I'm pretty sure all of the art teachers I've ever had have definitely talked to me like I was mentally challenged. I wasted alot of paper scribbling when I was younger and thought I took a liking towards drawing, but then I started to realize just how bad I was and signing up for art as an elective just to be in the same class as my friend (who is a really good artist and for who it's practically a hobby) didn't help with getting better. If anything, it made me feel even more insecure and unconfident that I'll never be able to draw even a straight line properly. Everyone else in it had such unbelievable talent, that comparing my projects made it feel like they couldn't be crappier. 

My imagination is just really bad when it comes to drawing and I don't even know how to draw simple things like a car or bicycle at all.


----------



## Twelve Keyz (Aug 28, 2011)

I thought I was until I saw some of the masterpieces people post online. **** the internet.


----------



## SadGhost (Oct 23, 2015)

Voted yes, but really I'm a 2/10 compared to some of the artistic geniuses out there. I did recently get a Wacom tablet though and I've been experimenting with digital drawing/painting and having a lot of fun with it.


----------



## That Random Guy (Jan 31, 2015)

*Well..*

I once had the aspiration to become a mangaka in Japan.

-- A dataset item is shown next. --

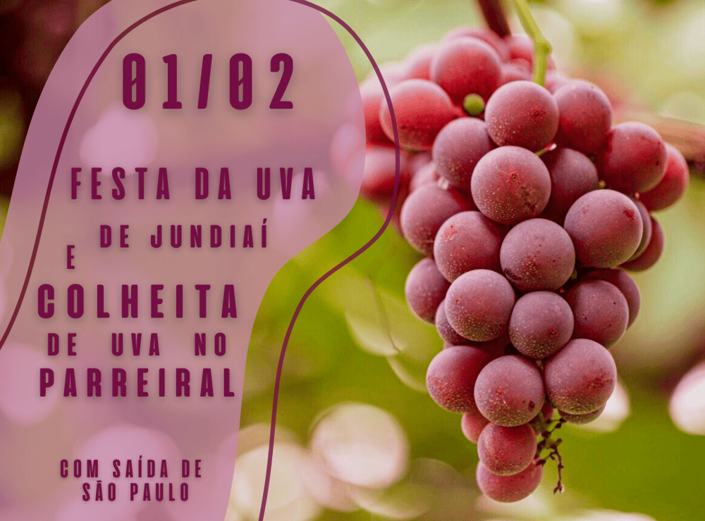 Com saída de São Paulo (Barra Funda), os participantes chegam em Jundiaí e já partem para a vivência do Colha&Pague de Uvas, onde poderão colher uvas fresquinhas diretamente do parreiral. É uma experiência única e sensacional para curtir entre amigos ou família!

Then I went through four years of art in high school and that went down the pooper.

I have certain skill, but I severely lack creativity. I feel if you don't have both, then you don't get anywhere. Maybe I just didn't have the resources and correct learning methods to get better, but in all honesty, I can't draw as well as I'd like. It always gets me mad when I see other people draw real good, such as trompe l'oeil, without even trying. They're just "naturally" good, and then they have the gall to say that anyone can learn to draw.

I tried for four years. It didn't work. I can't learn it.

Maybe that's not enough time to become a professional, but I hadn't improved and my flaws and weak points only seemed to increase as time went on.

Now I see I just wasn't cut out for it. I shake a lot... and my eyes are getting bad.

I'm just not cut out for it... unfortunately.

How I wish though that someday I could make at least one work that would impact the world in some way.

Wishing you all, amateurs or not, the best though!

Keep fighting!

- T.R.G.


----------



## herk (Dec 10, 2012)

i like some of the stuff i've done, but i don't think i'm anywhere near a professional level. i just haven't put enough work in


----------



## meepie (Jun 20, 2010)

i can draw really bad and really good, but never in the middle. it depends on the day and when i'm manic.


----------